What the task asks
Output every entry below word for word, without its pictures.

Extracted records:
- Opening Delimiter -

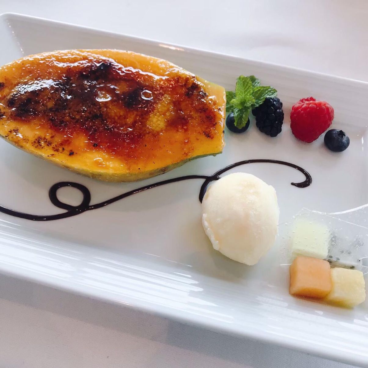 パパイヤのクレームブリュレが食べられるコースにしました。ゲストも、特にこれが美味しかったと言っていたので良かったです。
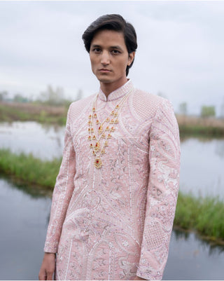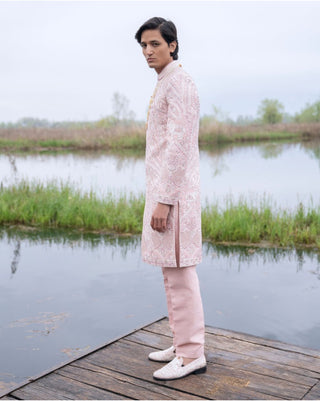 - ROSE QUARTZ PINK, COLLARED SHERWANI WITH INTRICATE IVORY THREADWORK ON REGAL MOTIFS ADORNED WITH BEADS AND CRYSTALS, STYLED WITH A PAIR OF RAW SILK PANTS.
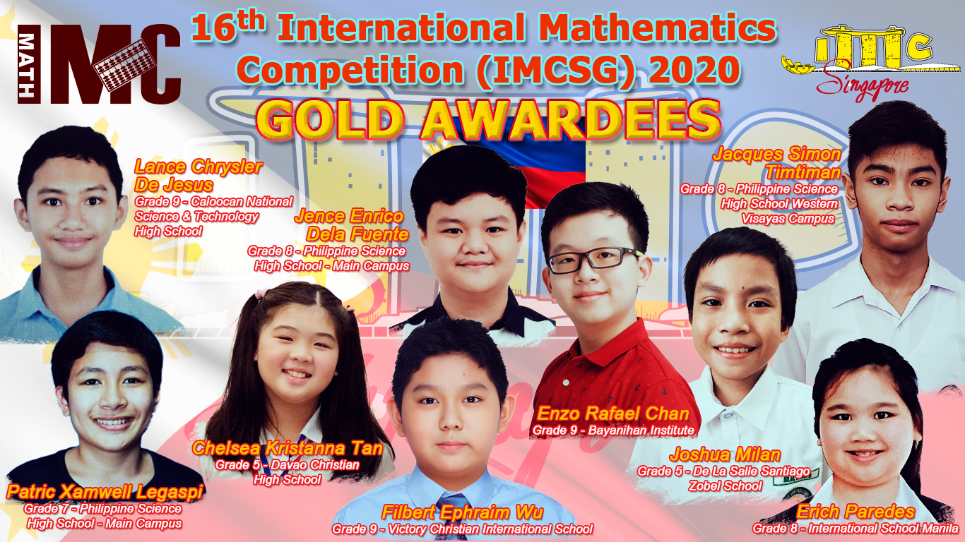 Another winning streak from the Philippines is no luck but a tangible proof of the Filipino whiz kids’ pure grit, tenacity and persistent style that paved the way for their resounding victory in 16th International Mathematics Competition – Singapore held online last September 5, 2020.
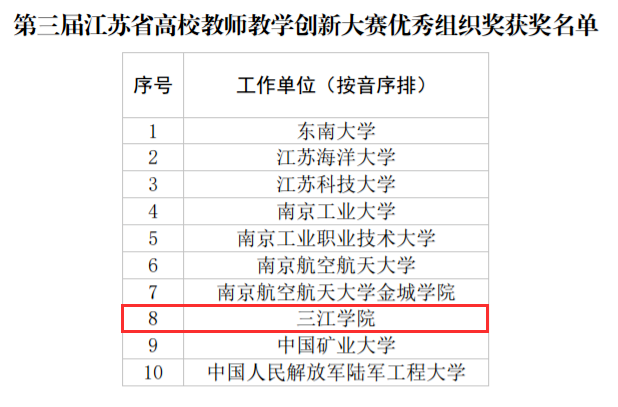 第三届江苏省高校教师教学创新大赛暨第三届全国高校教师教学创新大赛江苏省选拔赛决赛获奖名单出炉,beat365官网有2名教师进入决赛,其中,外国语学院陶潇婷《笔译I》课程获新文科副高组特等奖。同时,beat365官网荣获“优秀组织奖”。
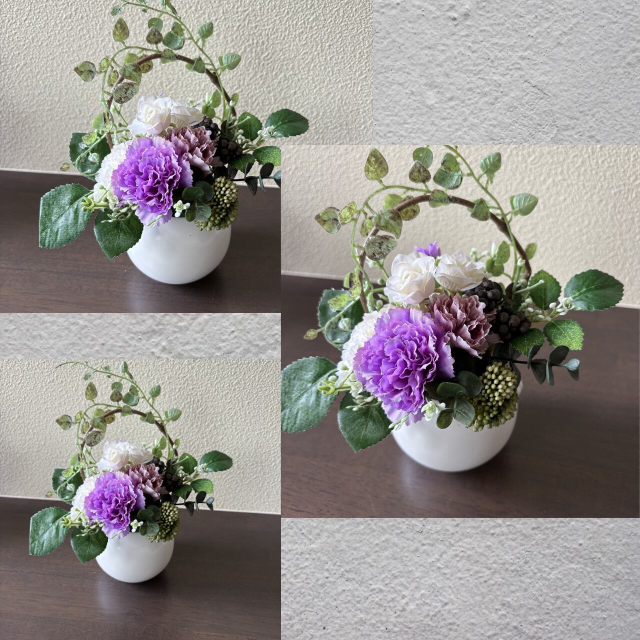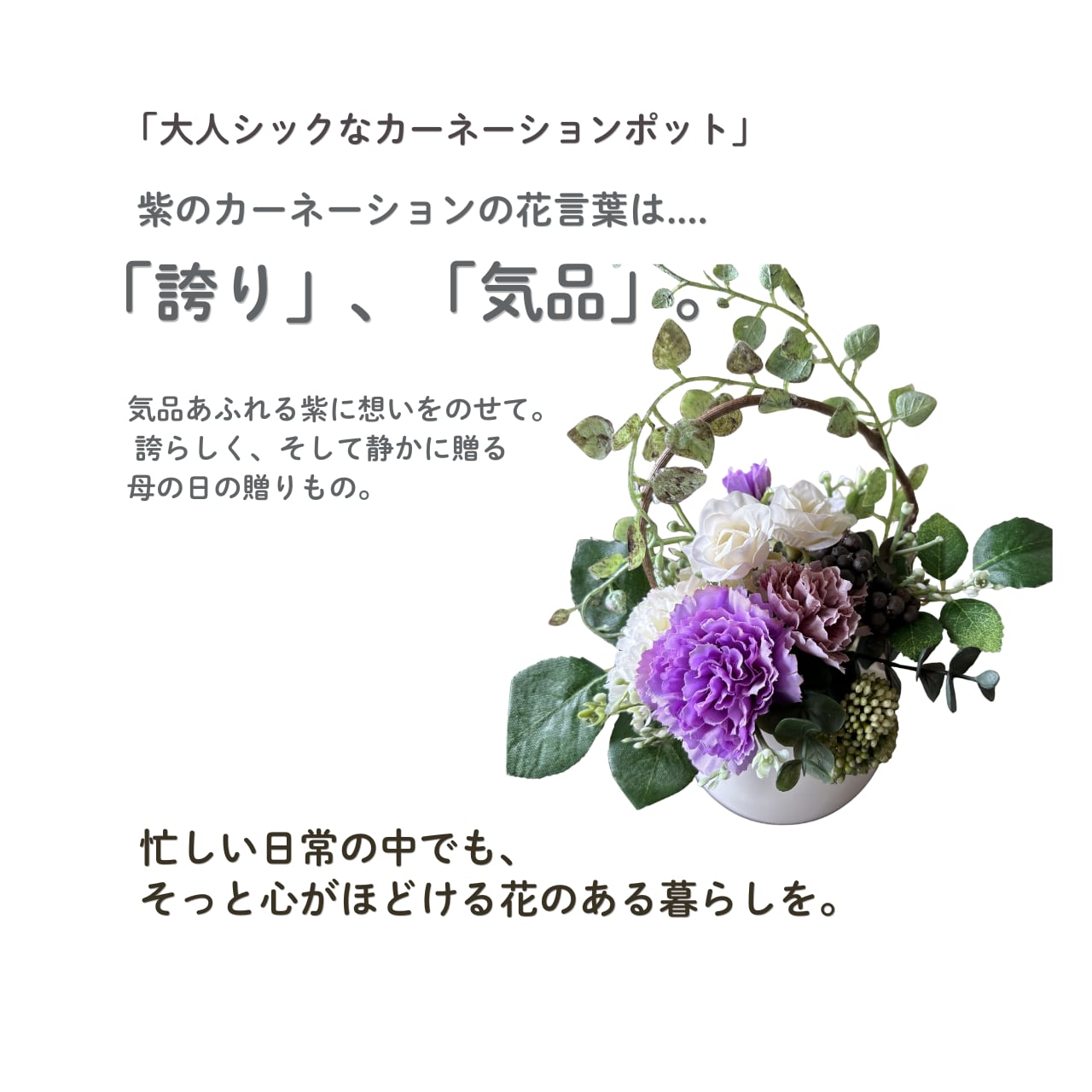 #アンティークパープルカーネーション #アーチタイプ #紫カーネーション #造花アレンジ #母の日ギフト #フェイクフラワー #花のある暮らし #アンティーク雑貨風 #インテリアフラワー #気品のある贈り物 #白いポット #ナチュラルインテリア #癒しの空間 #枯れない花 #ギフトにおすすめ
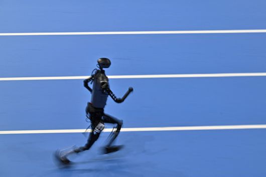 중국 첨단기술의 현주소를 뽐낸 로봇도 있었다. 지난 15일 1500m 육상대회에서 유니트리 자회사 링이과학기술팀의 로봇이 6분43초 만에 결승 테이프를 끊으며 우승을 차지했다. 2위 텐궁(6분55초), 3위 유니트리(7분10초)의 로봇 역시 달리는 내내 안정적으로 움직였다.
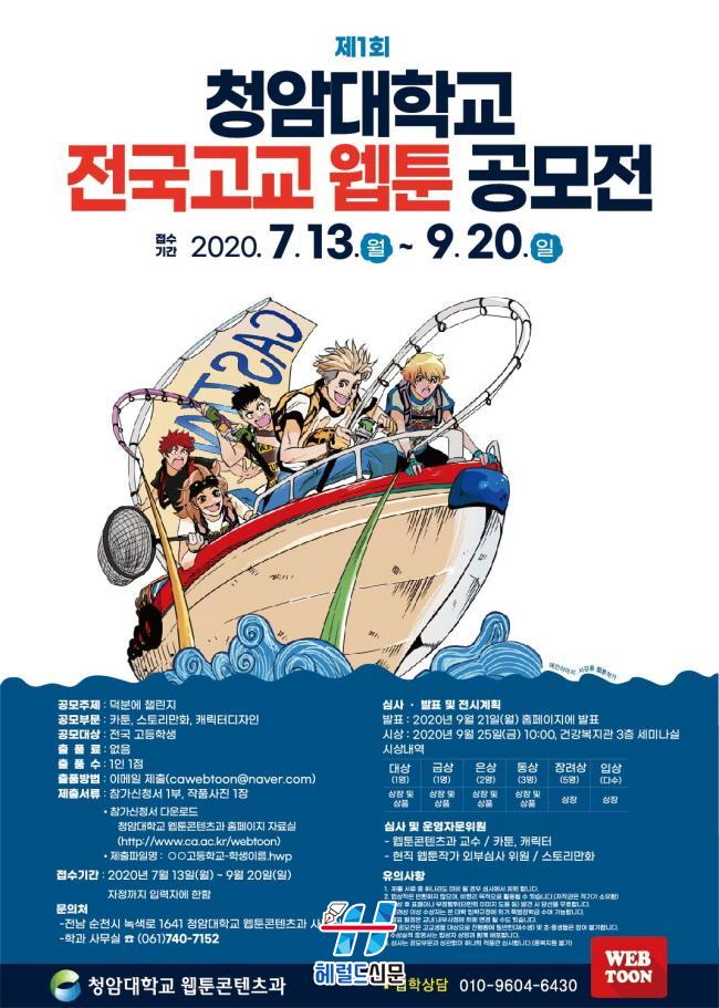 ÇÑÆí, ÃÖÁ¾ ´ç¼±ÀÛÀº 9¿ù 21ÀÏ Ã»¾Ï´ëÇб³ À¥Å÷ÄÜÅÙÃ÷°ú ȨÆäÀÌÁö(http://www.ca.ac.kr/webtoon)¿¡ ¹ßÇ¥µÈ´Ù. À¥Å÷°ø¸ðÀüÀÇ ¼ö»óÀÛ ÀúÀÛ±ÇÀº û¾Ï´ëÇб³·Î ±Í¼ÓµÇ¸ç, ÇâÈÄ ´ëÇРȨÆäÀÌÁöÀÇ È«º¸¿ë ÄÜÅÙÃ÷·Î Ȱ¿ëÇÒ °èȹÀÌ´Ù. Âü°¡½Åû¼ µî °ø¸ðÀü °ü·Ã ÀÚ¼¼ÇÑ »çÇ×Àº û¾Ï´ë À¥Å÷ÄÜÅÙÃ÷°ú ȨÆäÀÌÁö¸¦ ÅëÇØ È®ÀÎ °¡´ÉÇÏ´Ù.
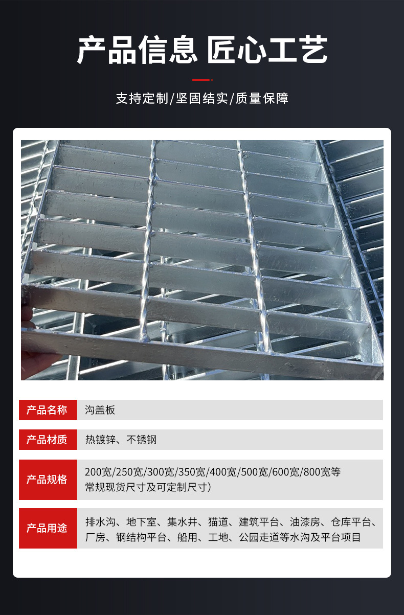 水沟盖板应用场合:污水处理厂,电厂,化工厂,炼油厂,造船厂,市政建设等等中的沟盖。
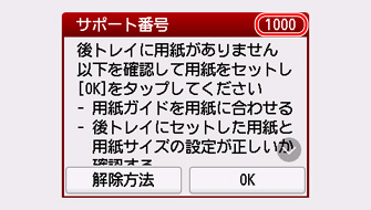印刷中に用紙がなくなる、または紙づまりなどのトラブルが発生すると、自動的にトラブルの対処方法を示すメッセージが表示されます。トラブルの内容によっては、サポート番号(エラー識別番号)も表示されます。
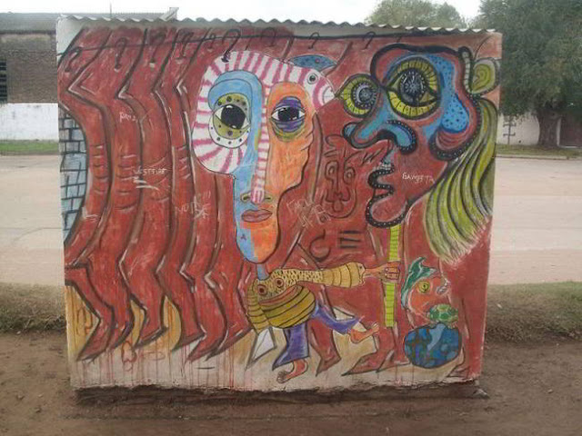 Empezamos a andar todo el día juntos porque éramos vecinos. Y nos hicimos amigos. Éramos un grupo de varios que nos juntábamos a dibujar y a pintar en esos primeros momentos. Se fue afianzando la amistad y empezamos a hacer más cosas, como pintar murales. Fuimos a 25 de Mayo y pintamos la casa de un amigo de él, la muraleamos entera. También una garita de colectivo que estaba frente a un matadero en esa ciudad, pintamos unas vacas colgando como si fueran medias reses medias extrañas, como haciendo una crítica a la industria y el mercado de la carne que mata sin considerar. Siempre eran murales de ese tipo, como una crítica al sistema. En parque Saavedra de La Plata pintamos un hombre pájaro volando, donde luego lo taparon con una propaganda del intendente Bruera. También hicimos construcciones naturales, hasta casas de barro.
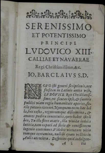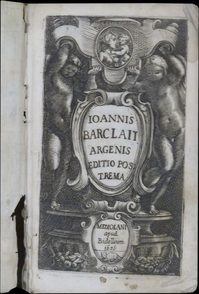 In 8° piccolo (14×8 cm); 647, (37) pp. Legatura coeva in piena pergamena molle con titolo manoscritto al dorso su pecetta settecentesca. Qualche lieve segno del tempo, un leggerissimo alone, praticamente invisibile, al margine alto ed esterno di alcune pagine e nel complesso, esemplare in buone condizioni di conservazione. Bellissimo frontespizio inciso con nel margine basse la marca tipografica di Giovanni Battista Bidelli, gatto con in bocca un topolino che riprende la marca tipografica cinquecentesca di Giovanni Battista Sessa. Bell'edizione milanese stampata da Bidelli di questa classica opera del celebre poeta, scrittore e satirista scozzese di orientamento cattolico, John Barclay, anche noto in italiano come Giovanni Barclays e in francese come Jean Barclay (Pont-à-Mousson, 28 gennaio 1582 - Roma, 15 agosto 1621). Barclay visse a lungo a Roma all'interno dello stato pontificio. A Roma morì nel 1621 ed è tutt'oggi sepolto nella Chieda di Sant'Onofrio al Gianicolo. Figlio di un noto giurista cattolico appartenente alla piccola nobiltà, in giovane età scappò in Francia dopo il fallimento cattolico del tentativo d'usurpazione della corona Inglese. A diciannove anni scrisse la sua prima opera di un certo rilievo, un commento alla Thebais di Stazio. Alla morte di Elisabetta I, Giacomo VI restituì i beni confiscati antecedentemente ai cattolici e la famiglia di John rientrò in Inghilterra e qui risedette per alcuni anni prima di spostarsi nuovamente in Francia, dove, il giovane autore ottenne una cattedra di Diritto che gli permise di dedicarsi con tranquillità alla composizione letteraria. Entrato nella cerchia ristretta degli amici di Giacomo VI divenne frequentatore abituale della corte inglese. I suoi componimenti erano sempre pervasi di una forte verve satirica che lo portò più volte al centro di sferzanti polemiche. Nel 1616 si trasferì a Roma dopo che Papa Paolo V gli concesse benevolenza e protezione. Qui frequentò il mondo politico e letterario della capitale italiana stringendo una fraterna amicizia con Maffeo Barberini, il futuro Papa Urbano VIII. A Roma compose quella che è considerata una delle sue opere principali, l'Argeneide un'allegoria del conflitto religioso che vide contrapposti in Francia, Enrico III e Enrico IV che portò a diversi conflitti religiosi e politici come lo scandalo di Overbury. Di posizione realista, l'opera è chiaramente un invettiva anti-aristocratica dove il Re riduce il potere della nobiltà terriera a favore dell'interesse del "paese" che si incarna a sua volta nella figura stessa del re. L'opera, uscita per la prima volta nel 1621, ebbe uno straordinario successo e numerose edizioni in pochissimo tempo. Rif. Bibl.: IT\ICCU\CAGE\022827.
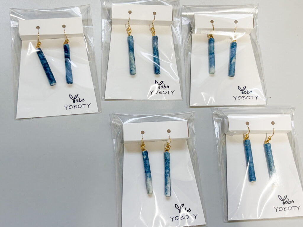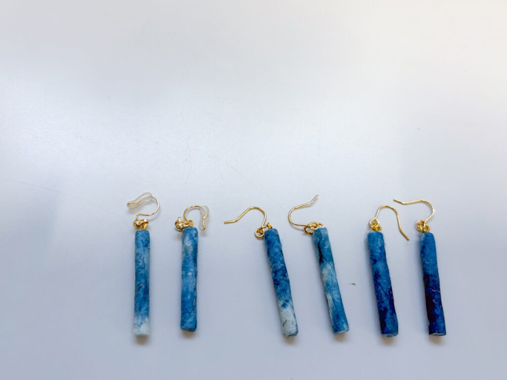 因州和紙の魅力を新しい形で伝えたい、と立ち上げられたブランドで、写真の形のイヤリングは、一枚の藍染めした和紙からグラデーションが綺麗に表れるように切り取って作っているそうです。

- Closing Delimiter -

Solution for this exercise
 パパイヤのクレームブリュレが食べられるコースにしました。ゲストも、特にこれが美味しかったと言っていたので良かったです。
 - ROSE QUARTZ PINK, COLLARED SHERWANI WITH INTRICATE IVORY THREADWORK ON REGAL MOTIFS ADORNED WITH BEADS AND CRYSTALS, STYLED WITH A PAIR OF RAW SILK PANTS.
 Another winning streak from the Philippines is no luck but a tangible proof of the Filipino whiz kids’ pure grit, tenacity and persistent style that paved the way for their resounding victory in 16th International Mathematics Competition – Singapore held online last September 5, 2020.
 第三届江苏省高校教师教学创新大赛暨第三届全国高校教师教学创新大赛江苏省选拔赛决赛获奖名单出炉,beat365官网有2名教师进入决赛,其中,外国语学院陶潇婷《笔译I》课程获新文科副高组特等奖。同时,beat365官网荣获“优秀组织奖”。
 #アンティークパープルカーネーション #アーチタイプ #紫カーネーション #造花アレンジ #母の日ギフト #フェイクフラワー #花のある暮らし #アンティーク雑貨風 #インテリアフラワー #気品のある贈り物 #白いポット #ナチュラルインテリア #癒しの空間 #枯れない花 #ギフトにおすすめ
 중국 첨단기술의 현주소를 뽐낸 로봇도 있었다. 지난 15일 1500m 육상대회에서 유니트리 자회사 링이과학기술팀의 로봇이 6분43초 만에 결승 테이프를 끊으며 우승을 차지했다. 2위 텐궁(6분55초), 3위 유니트리(7분10초)의 로봇 역시 달리는 내내 안정적으로 움직였다.
 ÇÑÆí, ÃÖÁ¾ ´ç¼±ÀÛÀº 9¿ù 21ÀÏ Ã»¾Ï´ëÇб³ À¥Å÷ÄÜÅÙÃ÷°ú ȨÆäÀÌÁö(http://www.ca.ac.kr/webtoon)¿¡ ¹ßÇ¥µÈ´Ù. À¥Å÷°ø¸ðÀüÀÇ ¼ö»óÀÛ ÀúÀÛ±ÇÀº û¾Ï´ëÇб³·Î ±Í¼ÓµÇ¸ç, ÇâÈÄ ´ëÇРȨÆäÀÌÁöÀÇ È«º¸¿ë ÄÜÅÙÃ÷·Î Ȱ¿ëÇÒ °èȹÀÌ´Ù. Âü°¡½Åû¼ µî °ø¸ðÀü °ü·Ã ÀÚ¼¼ÇÑ »çÇ×Àº û¾Ï´ë À¥Å÷ÄÜÅÙÃ÷°ú ȨÆäÀÌÁö¸¦ ÅëÇØ È®ÀÎ °¡´ÉÇÏ´Ù.
 水沟盖板应用场合:污水处理厂,电厂,化工厂,炼油厂,造船厂,市政建设等等中的沟盖。
印刷中に用紙がなくなる、または紙づまりなどのトラブルが発生すると、自動的にトラブルの対処方法を示すメッセージが表示されます。トラブルの内容によっては、サポート番号(エラー識別番号)も表示されます。
 Empezamos a andar todo el día juntos porque éramos vecinos. Y nos hicimos amigos. Éramos un grupo de varios que nos juntábamos a dibujar y a pintar en esos primeros momentos. Se fue afianzando la amistad y empezamos a hacer más cosas, como pintar murales. Fuimos a 25 de Mayo y pintamos la casa de un amigo de él, la muraleamos entera. También una garita de colectivo que estaba frente a un matadero en esa ciudad, pintamos unas vacas colgando como si fueran medias reses medias extrañas, como haciendo una crítica a la industria y el mercado de la carne que mata sin considerar. Siempre eran murales de ese tipo, como una crítica al sistema. En parque Saavedra de La Plata pintamos un hombre pájaro volando, donde luego lo taparon con una propaganda del intendente Bruera. También hicimos construcciones naturales, hasta casas de barro.
 In 8° piccolo (14×8 cm); 647, (37) pp. Legatura coeva in piena pergamena molle con titolo manoscritto al dorso su pecetta settecentesca. Qualche lieve segno del tempo, un leggerissimo alone, praticamente invisibile, al margine alto ed esterno di alcune pagine e nel complesso, esemplare in buone condizioni di conservazione. Bellissimo frontespizio inciso con nel margine basse la marca tipografica di Giovanni Battista Bidelli, gatto con in bocca un topolino che riprende la marca tipografica cinquecentesca di Giovanni Battista Sessa. Bell'edizione milanese stampata da Bidelli di questa classica opera del celebre poeta, scrittore e satirista scozzese di orientamento cattolico, John Barclay, anche noto in italiano come Giovanni Barclays e in francese come Jean Barclay (Pont-à-Mousson, 28 gennaio 1582 - Roma, 15 agosto 1621). Barclay visse a lungo a Roma all'interno dello stato pontificio. A Roma morì nel 1621 ed è tutt'oggi sepolto nella Chieda di Sant'Onofrio al Gianicolo. Figlio di un noto giurista cattolico appartenente alla piccola nobiltà, in giovane età scappò in Francia dopo il fallimento cattolico del tentativo d'usurpazione della corona Inglese. A diciannove anni scrisse la sua prima opera di un certo rilievo, un commento alla Thebais di Stazio. Alla morte di Elisabetta I, Giacomo VI restituì i beni confiscati antecedentemente ai cattolici e la famiglia di John rientrò in Inghilterra e qui risedette per alcuni anni prima di spostarsi nuovamente in Francia, dove, il giovane autore ottenne una cattedra di Diritto che gli permise di dedicarsi con tranquillità alla composizione letteraria. Entrato nella cerchia ristretta degli amici di Giacomo VI divenne frequentatore abituale della corte inglese. I suoi componimenti erano sempre pervasi di una forte verve satirica che lo portò più volte al centro di sferzanti polemiche. Nel 1616 si trasferì a Roma dopo che Papa Paolo V gli concesse benevolenza e protezione. Qui frequentò il mondo politico e letterario della capitale italiana stringendo una fraterna amicizia con Maffeo Barberini, il futuro Papa Urbano VIII. A Roma compose quella che è considerata una delle sue opere principali, l'Argeneide un'allegoria del conflitto religioso che vide contrapposti in Francia, Enrico III e Enrico IV che portò a diversi conflitti religiosi e politici come lo scandalo di Overbury. Di posizione realista, l'opera è chiaramente un invettiva anti-aristocratica dove il Re riduce il potere della nobiltà terriera a favore dell'interesse del "paese" che si incarna a sua volta nella figura stessa del re. L'opera, uscita per la prima volta nel 1621, ebbe uno straordinario successo e numerose edizioni in pochissimo tempo. Rif. Bibl.: IT\ICCU\CAGE\022827.
 因州和紙の魅力を新しい形で伝えたい、と立ち上げられたブランドで、写真の形のイヤリングは、一枚の藍染めした和紙からグラデーションが綺麗に表れるように切り取って作っているそうです。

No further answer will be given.